Welcome to Cold Takes, where it's always fine to read the post later!

About

Most of the posts on this blog are written at least a month before they're posted, sometimes much longer. I try to post things that are worth posting even so, hence the name "Cold Takes."

As of this writing (July 2021), likely initial themes include:

  • Futurism (the next 10,000+ years). What can we say and do today about the very long-run future of the world?
  • Quantitative macrohistory (the last 250-10,000 years). What can we say about very long-run trends in things like quality of life and pace of innovation?
  • Applied epistemology. How should one decide what to believe, especially when (is as usually the case for important topics) one doesn't have time to digest even 1% of the relevant knowledge and arguments?
  • Applied ethics of donations, career choice, etc. What ethical principles should we use to  consider actions like where to donate and what job to take (where there are no clear moral "rules," and instead a question of how to do more good vs. less good)?
  • Links I feel like sharing, often quite old, because they seem important and/or just fun.
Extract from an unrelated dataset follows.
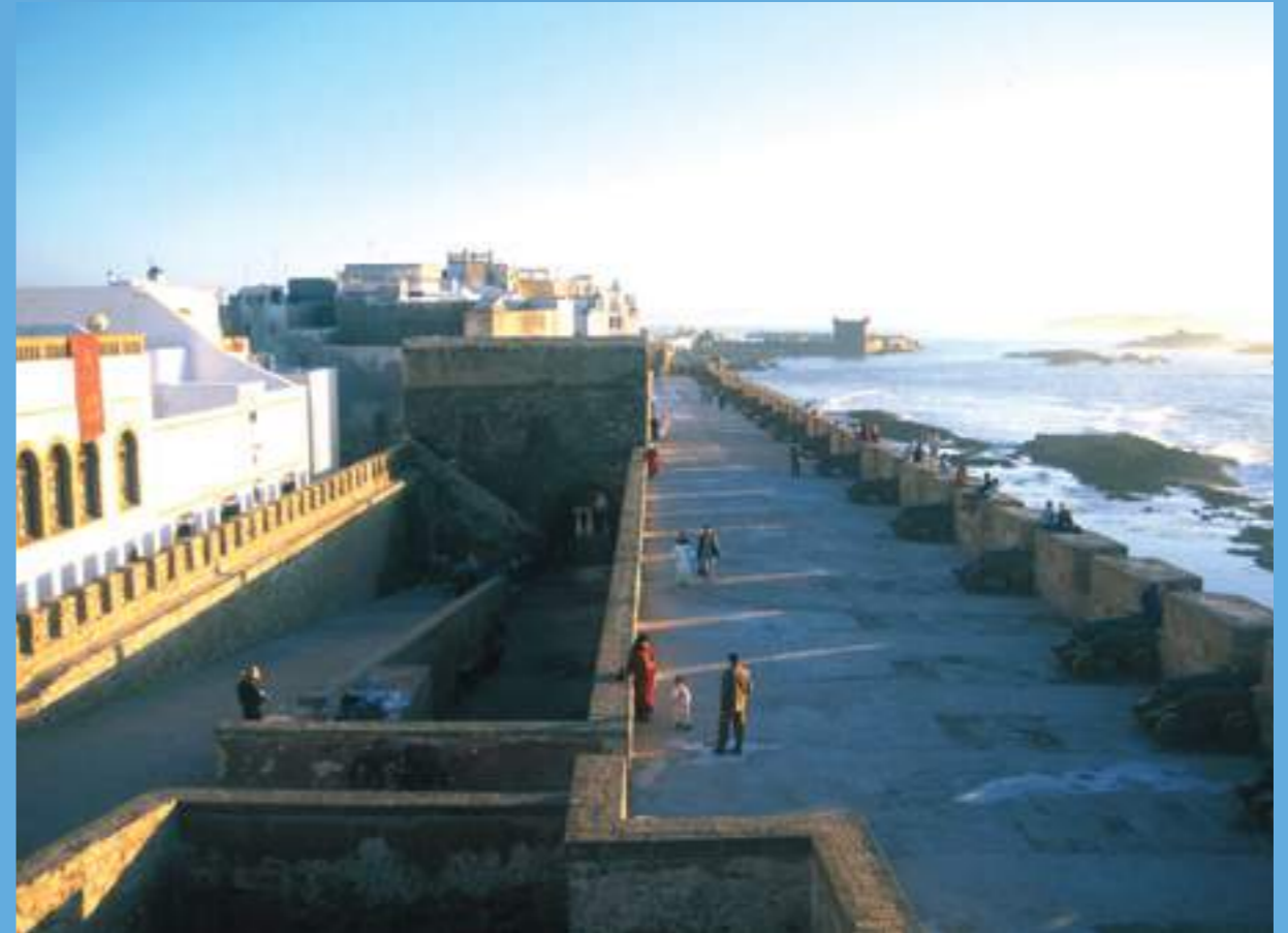
La promenade sur les remparts de la sqaia

A general theme of this blog is what I sometimes call avant-garde effective altruism. Effective altruism (EA) is the idea of doing as much good as possible. If EA were jazz, giving to effective charities working on global health would be Louis Armstrong - acclaimed and respected by all, and where most people start. But people who are really obsessed with jazz also tend to like stuff that (to other people) barely even sounds like music, and lifelong obsessive EAs are into causes and topics that are not the first association you'd have with "doing good." This blog will often be about the latter.

I am the co-CEO of Open Philanthropy and co-founder of GiveWell, but all opinions are my own.

Here are the main series I'm planning so far. As I put things up, I will update the Themes/Highlights page to link to the pieces that have received the most "likes." (Note, though, that I'm the only person with access to the "like" button for this blog.)

  • Most Important Century series. A series of ~10 pieces laying out the case that the 21st century has a high probability of being the "most important" for humanity via the development of transformative AI. This includes discussions of why it looks like we might soon (in the next few decades) develop AI that can dramatically accelerate scientific and technological development, and discussions of why that in turn could lead to a radically different world (in particular, via mind uploading).
  • Has the world improved over time? A series on whether life has gotten better over time and how we should think about the "state of nature."
  • Searching for Atlantis. A series asking mostly, "Is the world doing something wrong, compared to the past, w/r/t innovation?" I emphasize "doing something wrong," not "slowing down" - most discussions online are explicitly about whether innovation is slowing down, but I want to address whether this is about something "going wrong" or just inevitable. "Atlantis" refers to the idea of a past, advanced civilization, now lost.
  • Applied epistemology. Some posts about "how to decide what to believe." These  will include my take on the pros and cons of "explicit Bayesian reasoning" (literally writing down probabilities and values for use in decision making), on how to balance "thinking for oneself" with trusting experts and others, and on how far one should take "self-skepticism" (doubting one's own beliefs).
  • Utilitarian ethics. I'm going to lay out the best case I know for a "hardcore utilitarian" approach to ethics - the basic philosophy-based case for "a large # of small benefits to people can outweigh even a huge harm," "helping enough animals could be better than helping humans," and "reducing risk of extinction, leading to more people getting to exist, could be better than either of those." I'm also going to talk about the weaknesses in this case.